Iterators in a reducer are not as simple as you might think.
The problem is that the total number of elements that you repeat may not fit into memory. This means that the iterator can read from disk. If you have two independent copies of the iterator, then you can have one of them far ahead of the other, which means that the data between the two points of the iterator cannot be deleted.
For ease of implementation, Hadoop does not support having more than one iterator for reduction values.
The practical effect of this is that you cannot go through the same iterator twice. This is not good, but it is. If you absolutely know that the number of items will fit into the memory, you can copy all the elements to the list, as suggested by MrGomez. If you do not know this, you may need to use secondary storage.
The best approach is to reverse engineer your program so you don't need unlimited storage in the gearbox. This may be a bit confusing, but there are standard approaches to the problem.
For your specific problem, you have a quadratic increase in output size compared to the largest reduction input set. This is usually a very bad idea. In most cases, you do not need ALL pairs, only the most important pairs. If you can somehow trim the set of pairs, then you are all set up and you can remove the restriction of all pairs.
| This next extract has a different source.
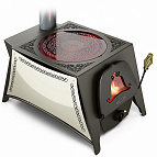 Корпус печи изготовлен из высоколегированной жаростойкой стали с содержанием хрома до 13%. Печь имеет возможность тонкой настройки интенсивности горения и поддерживает режим длительного горения. Чугунная дверца печи оснащена светопрозрачным экраном и самоохлаждающейся ручкой для удобного управления процессом горения. Съемная стеклокерамическая или чугунная варочная поверхность позволяет готовить пищу на открытом огне, в том числе и в казане.

For example, if you try to find 100 pairs with the largest amount for each set of abbreviations, you can save the priority order with the 100 largest data currently nested and the priority queue with the 100 largest sums. For each new input, you can generate the sum with the largest 100 numbers, who have seen so far, and try to insert these amounts in the second place. Finally, you must insert the new input first and trim both queues to 100 elements, deleting the smallest values ββ(if necessary). In the method of closing the reduction method, you must reset the priority queue. This approach ensures that you only need minimal (n ^ 2, 200) storage items that avoid the n ^ 2 problem and avoid double-passing through the entrance, saving the 100 largest items, not all items seen.